Technical Program

Paper Detail

Presentation #16
Session:ASR IV
Location:Kallirhoe Hall
Session Time:Friday, December 21, 13:30 - 15:30
Presentation Time:Friday, December 21, 13:30 - 15:30
Presentation: Poster
Topic: Speech recognition and synthesis:
Paper Title: AN EXPLORATION OF MIMIC ARCHITECTURES FOR RESIDUAL NETWORK BASED SPECTRAL MAPPING
Authors: Peter Plantinga, Deblin Bagchi, Eric Fosler-Lussier, The Ohio State University, United States
Abstract: Spectral mapping uses a deep neural network (DNN) to map directly from noisy speech to clean speech. Our previous study found that the performance of spectral mapping improves greatly when using helpful cues from an acoustic model trained on clean speech.
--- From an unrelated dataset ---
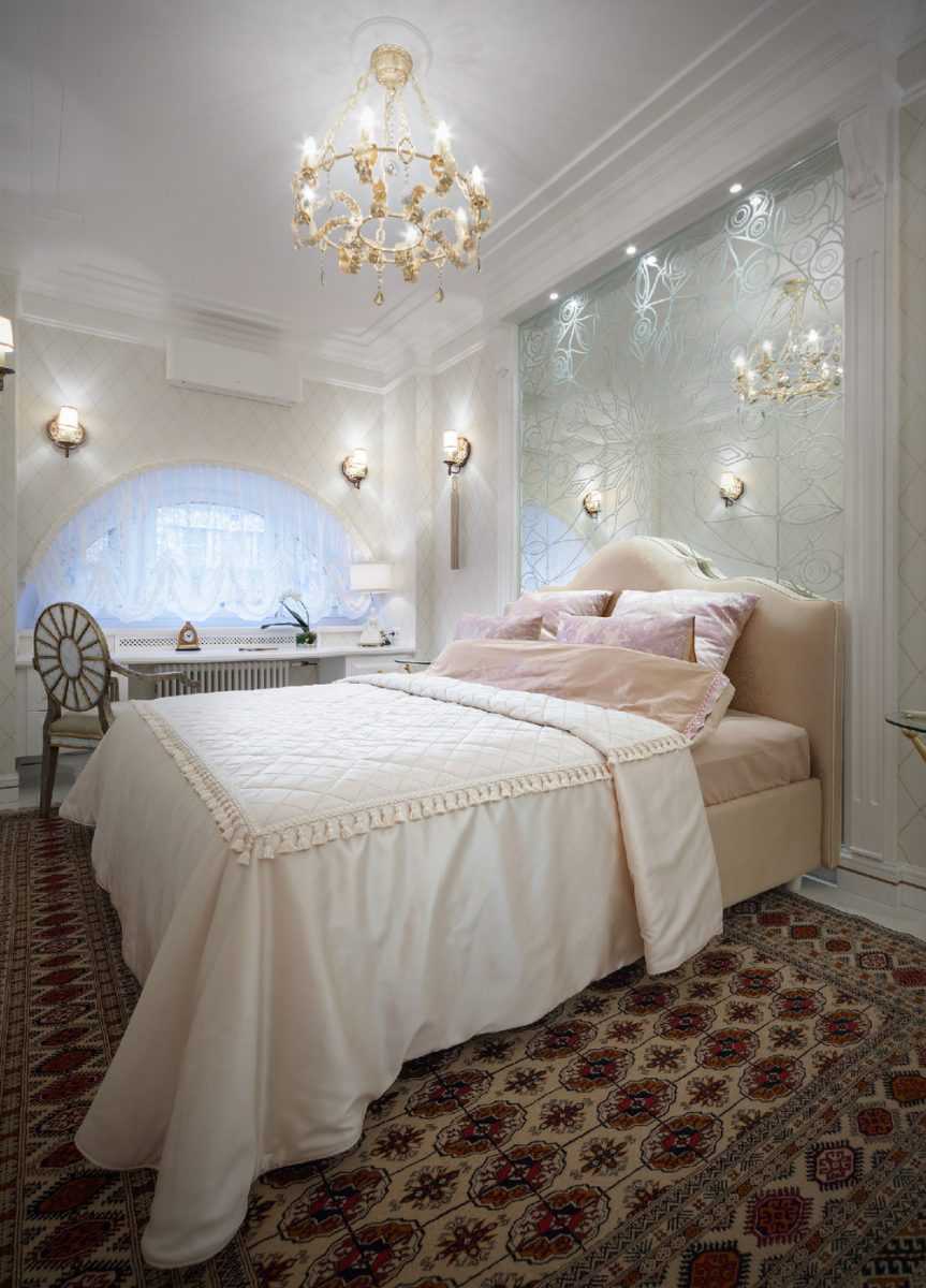 Глянцевое покрытие будет слишком перетягивать одеяло на себя, лучше остановить свой выбор на сатиновых, матовых или тканевых потолках. От белого до нежно-розового колера потолки подойдут для любых спален.

The mapper network learns to mimic the input favored by the spectral classifier and cleans the features accordingly. In this study, we explore two new innovations: we replace a DNN-based spectral mapper with a residual network that is more attuned to the goal of predicting clean speech. We also examine how integrating long term context in the mimic criterion (via wide-residual biLSTM networks) affects the performance of spectral mapping compared to DNNs. Our goal is to derive a model that can be used as a preprocessor for any recognition system; the features derived from our model are passed through the standard Kaldi ASR pipeline and achieve a WER of 9.3%, which is the lowest recorded word error rate for CHiME-2 dataset using only feature adaptation.